If I inderstand this correctly, the Siegels have the rights of the 1938 Superman. So they can only license the character with his original power levels only. Or must they share the Man of Steel with DC/WB? Do they have any say in any portrayal? It seems a weak hand as far as seperately marketing "their" Superman. 
Sorry...should have looked more closely at the dateline.
Here's a follow-up from last week: "Judge Rules for Release of 'Superman' Documents"
Philip Portelli said:
If I inderstand this correctly, the Siegels have the rights of the 1938 Superman. So they can only license the character with his original power levels only. Or must they share the Man of Steel with DC/WB? Do they have any say in any portrayal? It seems a weak hand as far as seperately marketing "their" Superman. 

I saw another article about those points yesterday -- I'll look for it later -- that indicated that the Siegels own elements of the character that existed before any "work for hire" was done for the forerunner company of DC Comics. So, theoretically, they could produce their own "Superman" comics, or strike deals for movies or TV based on that...

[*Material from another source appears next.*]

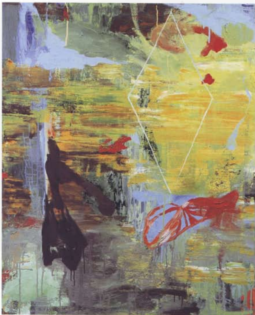
'dmt4.06' (2006), olieverf op linnen, 80 x 100 cm.

'Van tevoren was ik bang', vertelt Muller, 'dat sommige schilderijen, doordat ik zo veel verschillende formaten gebruik, zouden wegvallen tegen de hoge muren van de expositieruimte. Maar het is juist een heel knallende expositie geworden.' Een schilderij met een opvallend front in aquamarijn, met daaromheen onder andere kobalt- en koningsblauw, werd om die reden bewust hoger gehangen dan de rest van het werk. 'Mensen gaan de ruimtelijkheid die het kleurgebruik suggereert, vaak maar al te gemakkelijk invullen. Een blauw vlak voorin wordt dan al gauw een poeltje, vooral als daarin het blauw van een boomstructuur rechts enigszins weerspiegeld wordt. Maar ik ben helemaal niet op zoek naar dat soort ruimtelijkheid', aldus Muller. Een oplossing voor dit probleem vond ze in de situering van het schilderij aan de wand, zeker een meter hoger dan de rest. Daardoor ga je als kijker met een heel ander perspectief naar dit blauw kijken, en wordt je veel meer bewust van de vlakverdeling op zich, zonder daarbij allerlei associaties te maken met bestaande omgevingen.

... that is, a Superman who doesn't fly, but can leap an eighth of a mile, can change the course of mighty rivers and bend steel in his bare hands; who, in his guise as Clark Kent, is a mild-mannered reporter for the Daily Star under editor George Taylor; who doesn't have Lex Luthor as an antagonist; who wears a less-stylized circus strongman suit; who still loves Lois Lane; who never had a Superboy career because he didn't grow up in Smallville and, thus, doesn't know Lana Lang; and doesn't have kryptonite as a weakness. It was thought to be iffy if this Superman can have a "Fortress of Solitude"; Doc Savage had one before he did, so that might fly, but it might not.

What I wonder is this: Okay, this 1938 Superman can't fly and doesn't have the array of other powers that the Superman we know and love today has -- but does that mean he can't gain more abilities over time, if a new creative team saw fit to do so?
I would think an enterprising creative team would love to take on the stripped down, Siegel-Schuster Superman in a new series. Since he would be somewhat under-powered compared to many of the other heroes on the scene, this "new" Superman would work best as a stand alone character, as opposed to being shoe horned into an existing comic book universe. Dark Horse Comics? Jim Shooter? Just wondering ...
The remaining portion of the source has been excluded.